■ **TASK ITEM**: All lines from the opening of the material up to and including the line with "Плетеное кресло Capri" should be transcribed exactly, pictures excepted.

■ **SOURCE MATERIAL**:
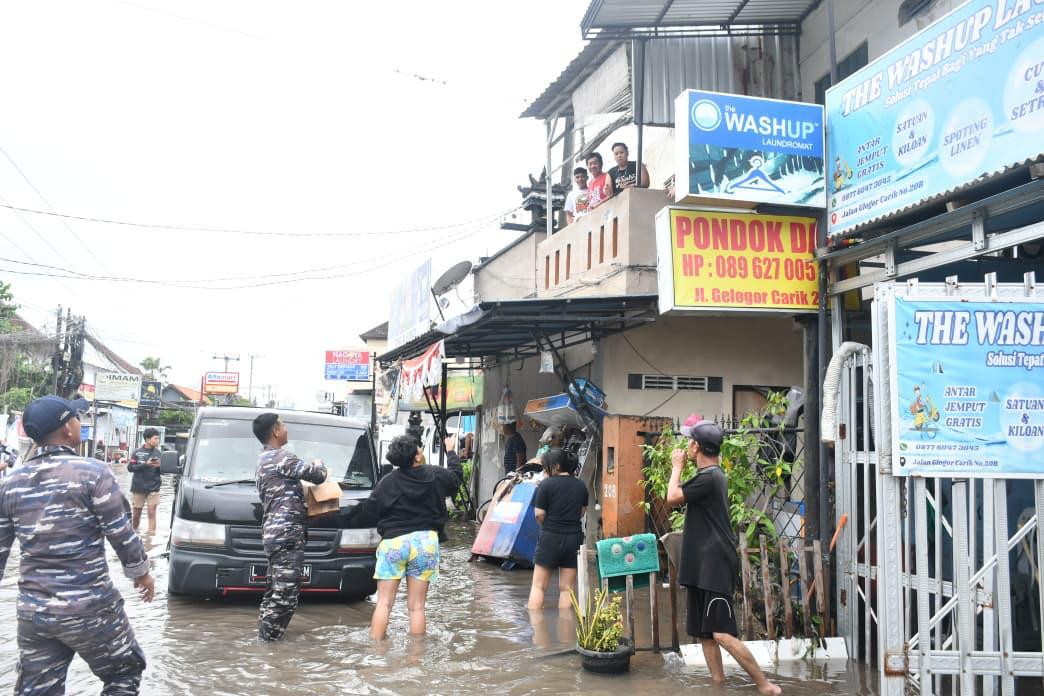 Sejak Subuh, prajurit Lanal Denpasar dibawah pimpinan Komandan Lanal (Danlanal) Denpasar, Kolonel Laut (P) Cokorda G.P. Pemayun, S.H., M.Sc., M.Tr., Hanla., bergerak cepat menuju lokasi-lokasi terdampak banjir, diantaranya kawasan pasar Badung, kawasan pinggir sungai Badung dan jalan utama yang tergenang air.
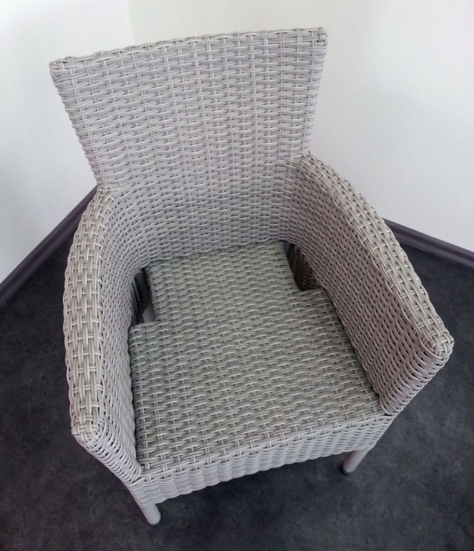 Плетеное кресло Capri из искуственного ротанга двойного полукруглого плетения. Кресло штабелируется. Цвет серый, подушка серого цвета включена в стоимость. Размеры:
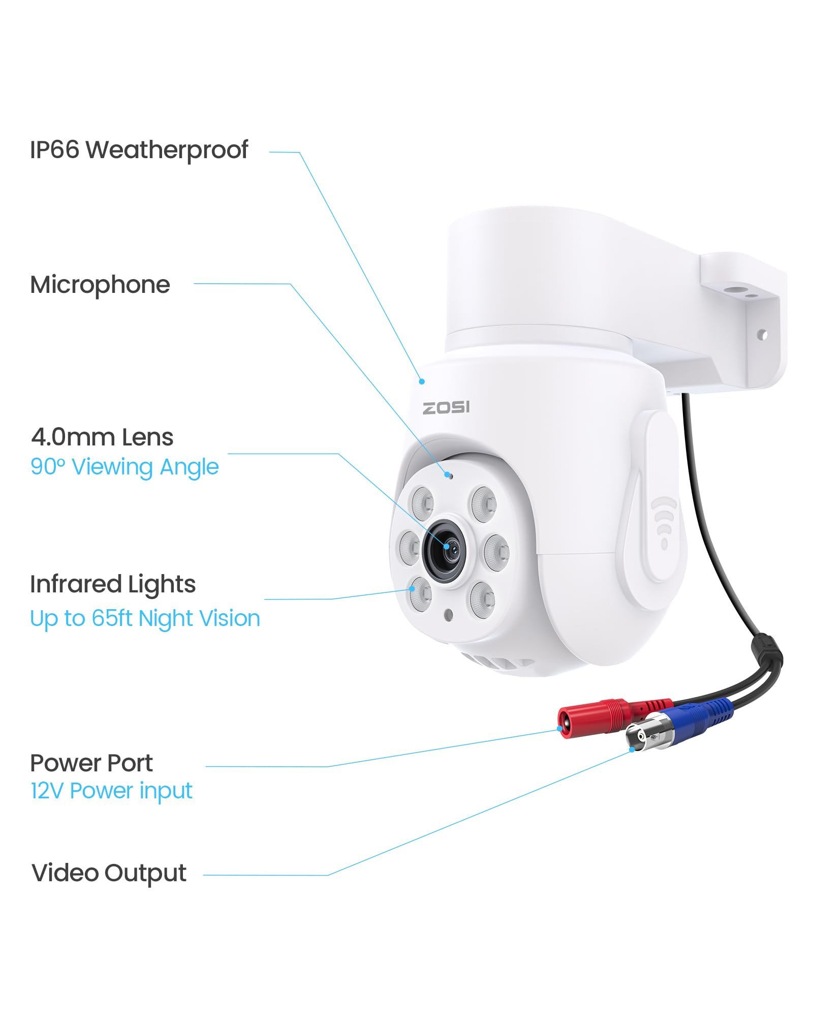 ZOSI 2 Pack 360°View Pan Tilt 1080P Wired Analog HD TVI Security Camera Outdoor Indoor,65ft Night Vision,One-Way Audio,Only Compatible with Same Brand 1080P,5MP and 4K CCTV DVR Systems

■ **THE COMPLETED TASK**:
 Sejak Subuh, prajurit Lanal Denpasar dibawah pimpinan Komandan Lanal (Danlanal) Denpasar, Kolonel Laut (P) Cokorda G.P. Pemayun, S.H., M.Sc., M.Tr., Hanla., bergerak cepat menuju lokasi-lokasi terdampak banjir, diantaranya kawasan pasar Badung, kawasan pinggir sungai Badung dan jalan utama yang tergenang air.
 Плетеное кресло Capri из искуственного ротанга двойного полукруглого плетения. Кресло штабелируется. Цвет серый, подушка серого цвета включена в стоимость. Размеры:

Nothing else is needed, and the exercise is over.